VERN calling you a liar is a good thing. Wear it like a badge of honor.
 
Re: Kansas Lawsuit: BCBS Lied About Physician Networks on ACA Exchange

I'm done, now. These started with a frustrated post I did recently about not being able to find a doctor who would accept my Blue Cross HMO ACA plan purchased through the exchange, using the network provider list. I was pretty upset about it. There are two posters who follow me and others around, and bombard posts that contain anything negative about the ACA with posts that the OP is lying. Both Vern and Sangha have repeatedly posted in response to my posts by outrightly calling me a "liar" or saying "you are lying."

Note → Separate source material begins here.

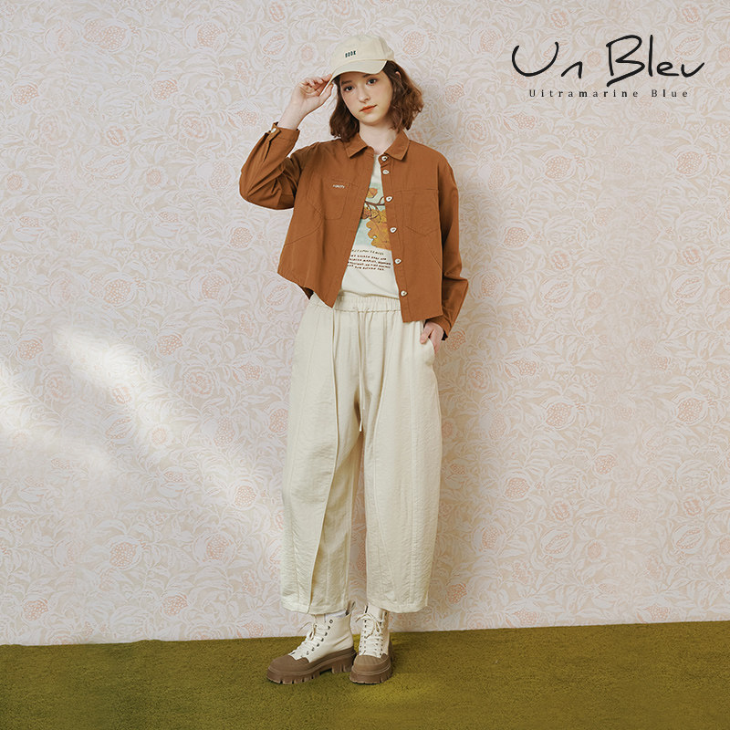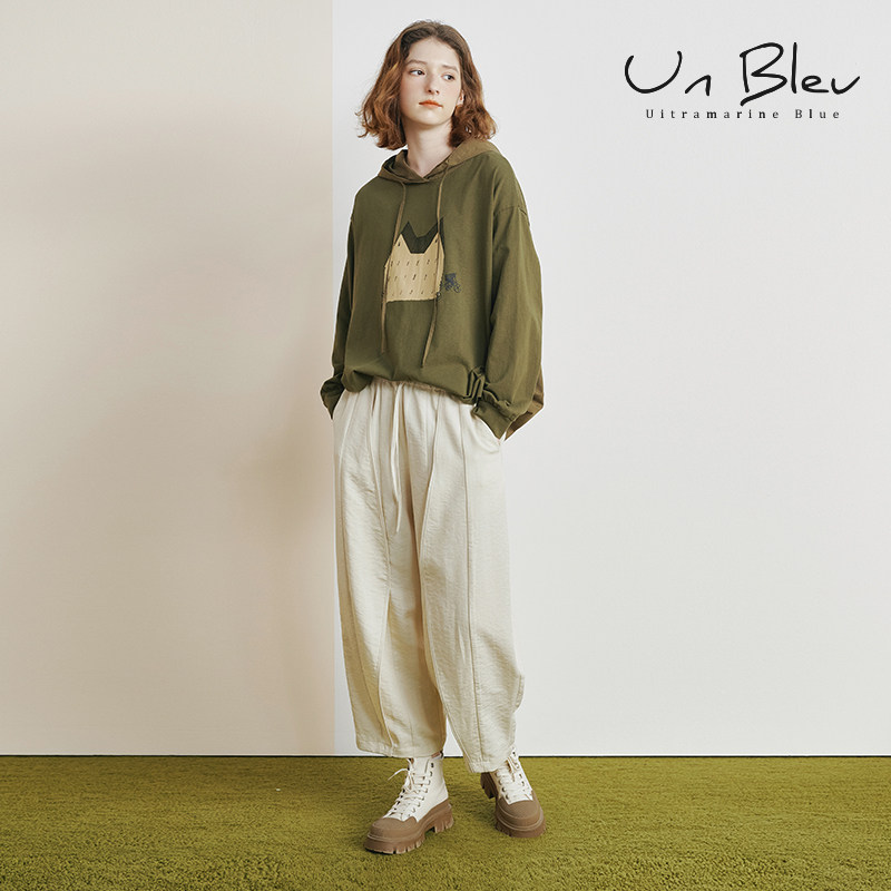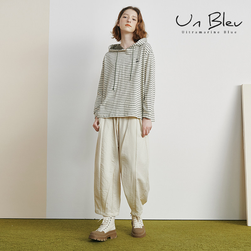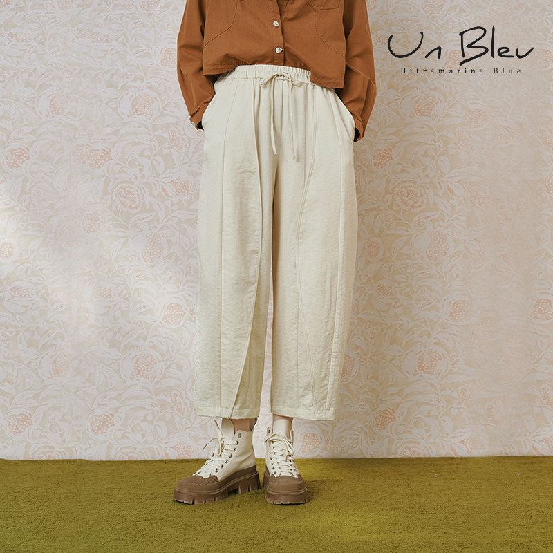 unbleu阔腿休闲裤女2026新款春秋女装宽松休闲直筒全松紧9分裤子

Normally, that rolls right off. But I thought in this instance, since their insulting posts were stalk-like and so numerous, that I would, finally, post some proof that my situation was not unusual. For those to be lies, there would have to be some really complicated collusion going on by people in various states to get together and "lie."

There were too many to list in one post. I posted one, then I saw another, then I saw another case. They'll get spread out later and not appear together. Sorry.

When government gets involved in areas where it doesn't belong, there are always consequences. The less the government does, the fewer the consequences.